The Governing Council of the 1st Defendant later met to consider the said petition, on or about July 25th, 2018 and decided to set up a Fact-Finding Committee consisting mostly of members of the Council.
The Committee met severally during which the claimant appeared and was able to make representations before the committee.
The Committee later submitted its report to the Council and it was the decision of council to commence disciplinary proceedings against the claimant or to give him the option of voluntary resignation. Upon which according to the Defendants, the claimant pleaded for time to turn in his voluntary resignation and the Council through the 2nd Defendant directed the claimant to proceed on leave in line with the extant rules, regulations and law of the 1st Defendant.
The Defendants’ averred that the Claimant instead of picking one of the options made available to him later instituted a suit in the Federal High Court, Ado- Ekiti which was later struck out.
The defendants stated that by the Law setting up the 1st Defendant, the claimant is subject to discipline by the Governing Council and indeed the 2nd Defendant, in appropriate cases of misconduct. They reiterated that the council is empowered to take disciplinary measures against any member of staff that is guilty of misconduct and that they should be allowed to conclude the disciplinary process against the claimant.
The defendants averred that the entire suit of the claimant is academic, speculative and is lacking in merit as it did not disclose any reasonable cause of action against the defendants and that the court lacks the requisite jurisdiction to entertain and to adjudicate upon the entire suit.

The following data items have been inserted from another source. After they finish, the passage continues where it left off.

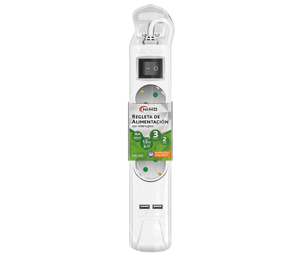 MEL260 Regleta de alimentación Schuko 1E:3S + 2 USB 2.1A
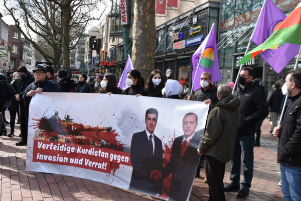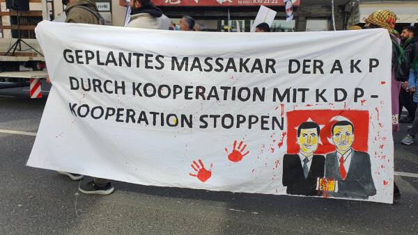The background to the protests is Turkey's renewed mobilization of troops for a war of aggression on Iraqi territory. The Erdogan government uses the presence of the guerrillas as an excuse. There are many indications that the KDP party, which is dominated by the Barzani clan, will directly participate in the operation with ground troops. Kurdish politicians, intellectuals and artists as well as a large part of the Kurdish population are opposed to this war and are demanding a peaceful solution.
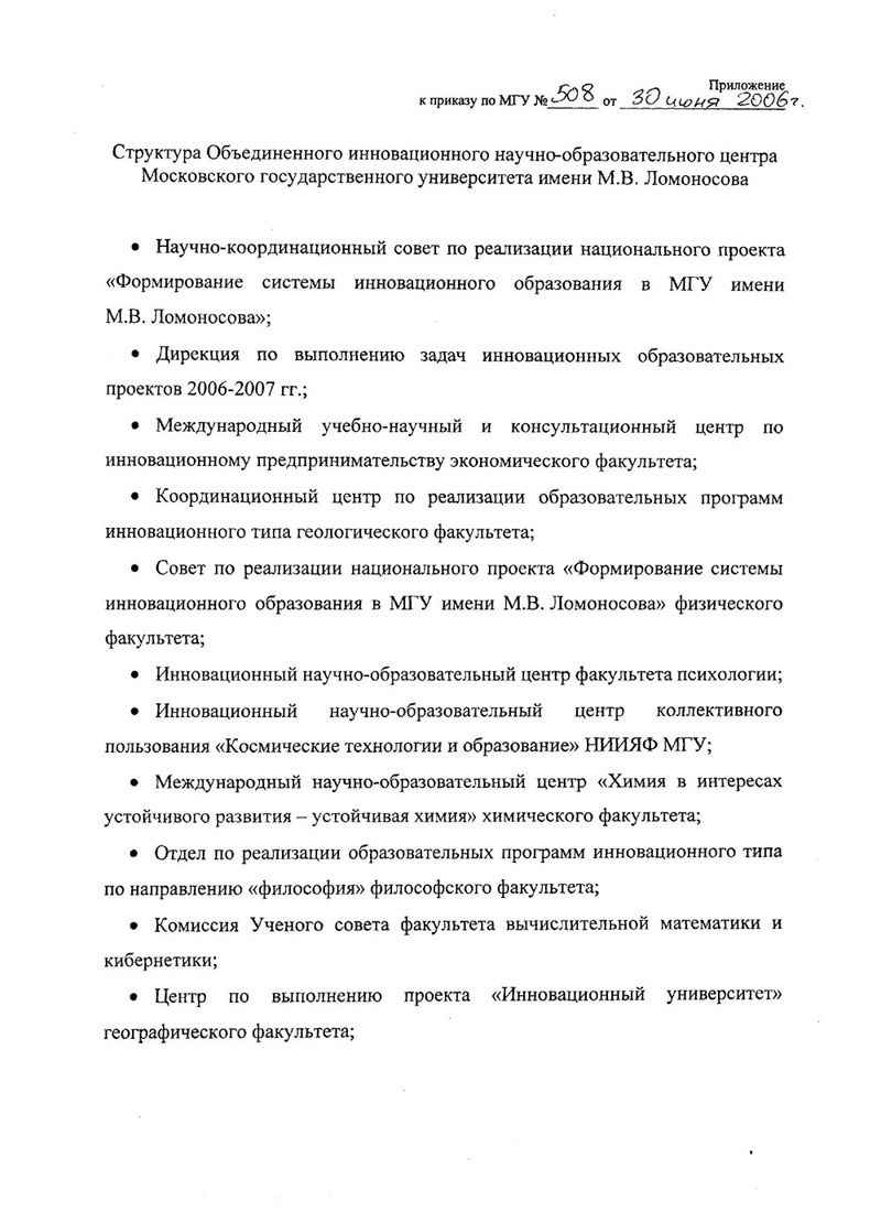 Приказ по МГУ № 508 от 30 июня 2006 года

Trial in this case commenced on 24th April, 2018. The claimant called Oyeyinka Koyejo Fasakin Mrs (Ag Registrar of the 1st Defendant) vide a writ of subpoena filed 16th of April, 2018 as CW1, she tendered several exhibits that were marked Exhibits D1- D12, the claimant later also testified as CW2, he adopted his witness statement on oath, further witness on oath, was cross examined and tendered several exhibits which were admitted and marked Exhibits D13 – D15. The claimant thereafter closed his case on the 24th May, 2018.

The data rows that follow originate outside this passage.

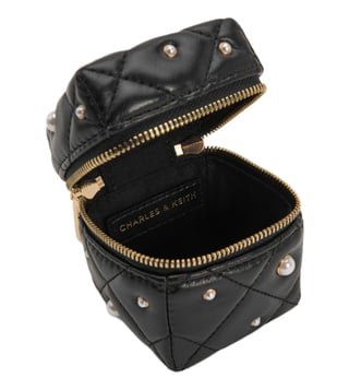 CHARLES & KEITH Black Micro Janie Embellished Extra Small Boxy Pouch
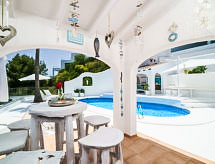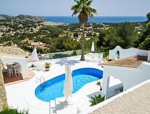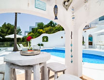 Benimeit: Enmannsbolig "Benimeit". 4 km fra sentrum av Moraira, i en roligt, solrikt, høyt posisjon, 3 km fra sjøen. Privat: tomt 840 m2 (inngjerdet), svømmebasseng uten innsyn (4 x 8 m, dybde 140- 200 cm dyp, Sesongåpent: 01.Jan. - 31.Des.). Terrasse (140 m2), hagemøbler, grillhus. Supermarked 1.5 km, restaurant 1.5 km, bar 1.5 km, sandstrand 4 km. Golfbane 8.5 km. Seiling er en imponerende måte å oppleve naturen på. Med hjelp av vindens kraft er en spesielt klimavennlig måte å gjøre en tur og mulig med oss.Interior
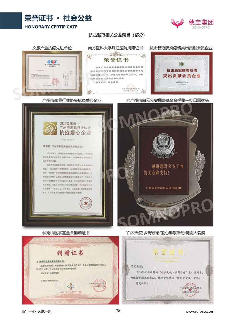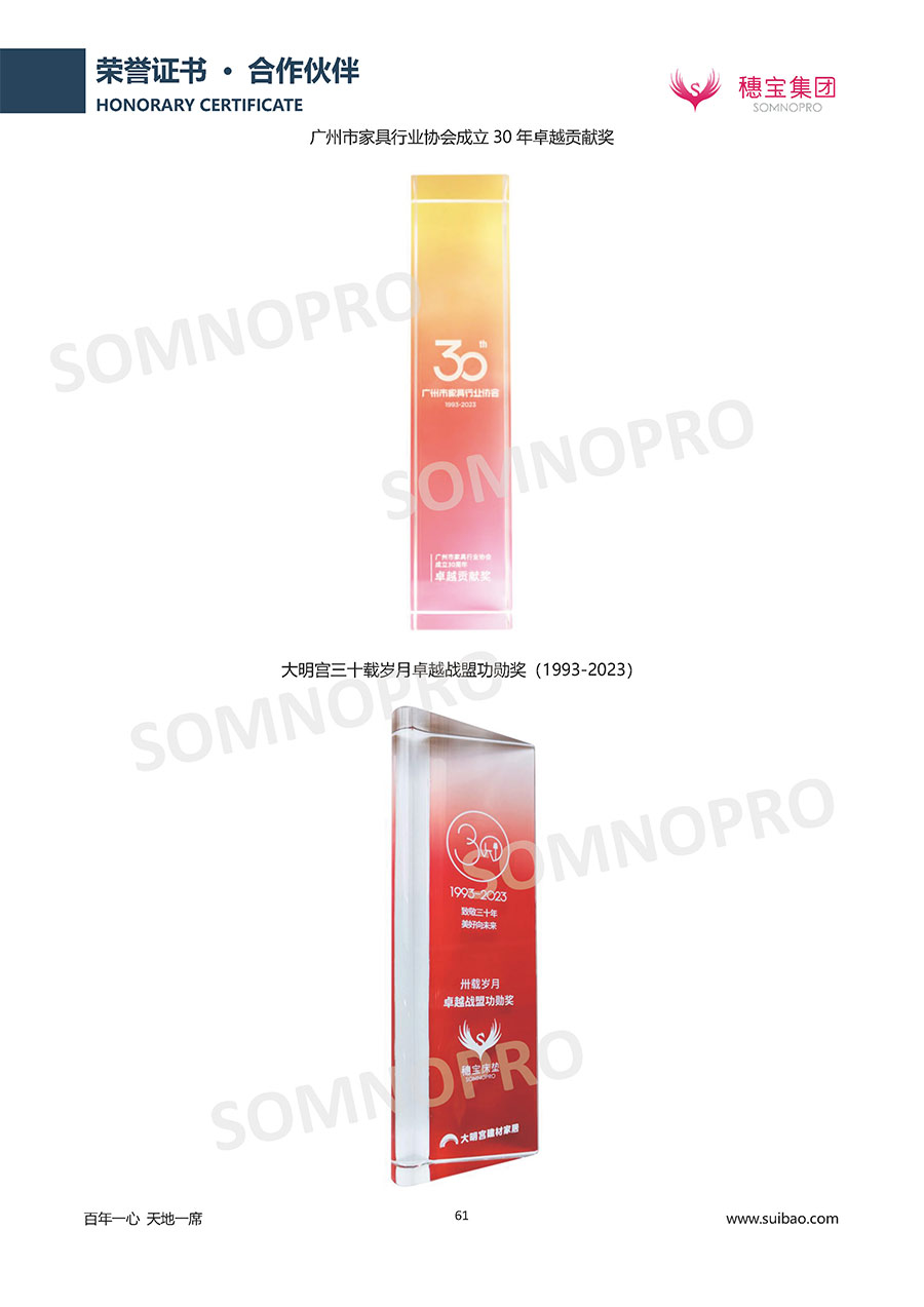 自1971年獨立研發(fā)生產(chǎn)出專屬國人的彈簧床墊,穗寶關(guān)于優(yōu)質(zhì)深度睡眠的研究已有半個世紀的歷史。穗寶一直專注床墊,專注中國消費者的睡眠研究,針對中國人特點進行優(yōu)化創(chuàng)新,不斷提升國人的睡眠體驗,只為成就每個晚上8小時的優(yōu)質(zhì)深度睡眠。憑借不斷革新的研發(fā)科技和深受消費者信賴的產(chǎn)品品質(zhì),穗寶集團旗下品牌和產(chǎn)品屢獲國內(nèi)外大獎,連續(xù)20年榮膺中國500最具價值品牌,品牌價值高達302.89億元。

The defendants opened their defence on the 10th of July, 2018 and called one Amaechi Eni, Principal Assistant Registrar and Head of Legal Unit in the 1st Defendant as DW1, he gave evidence and also tendered some exhibits which were marked as Exhibits F1-F3 (i-xx). He was also cross examined. The defence thereafter closed its case, and the case was adjourned for parties to file their final written addresses. Both parties adopted their final written addresses on the 10th of October, 2018, and the case was thereafter adjourned for Judgment.
The defendants’ final written address was dated 31st of July, 2018 but filed on 20th September, 2018 and they formulated two issues for determination to wit:
- Whether the claimant’s sworn statement on oath made on the 2nd February, 2017 prior to the commencement of this suit is valid and evidence before this Honourable Court in accordance to law.
- Whether the claimant has succeeded in proving his case against the defendants and his entitled to the reliefs sought in this suit.
Ebunolu Adegboruwa learned counsel for the defendants submitted that the claimant’s written deposition on oath of 2nd February, 2017 is bare, unfounded and not based on any pleading before court. He posited that, by the provisions of the National Industrial Court of Nigeria (Civil Procedure) Rules 2017, any fact required to be proved at the trial of any action may be proved by written deposition and oral examination of witnesses in the open court, and by virtue of Order 3 Rules 9 of the Rules of this court, a written deposition is expected to accompany the Statement of Facts/Defence, when a party is calling evidence.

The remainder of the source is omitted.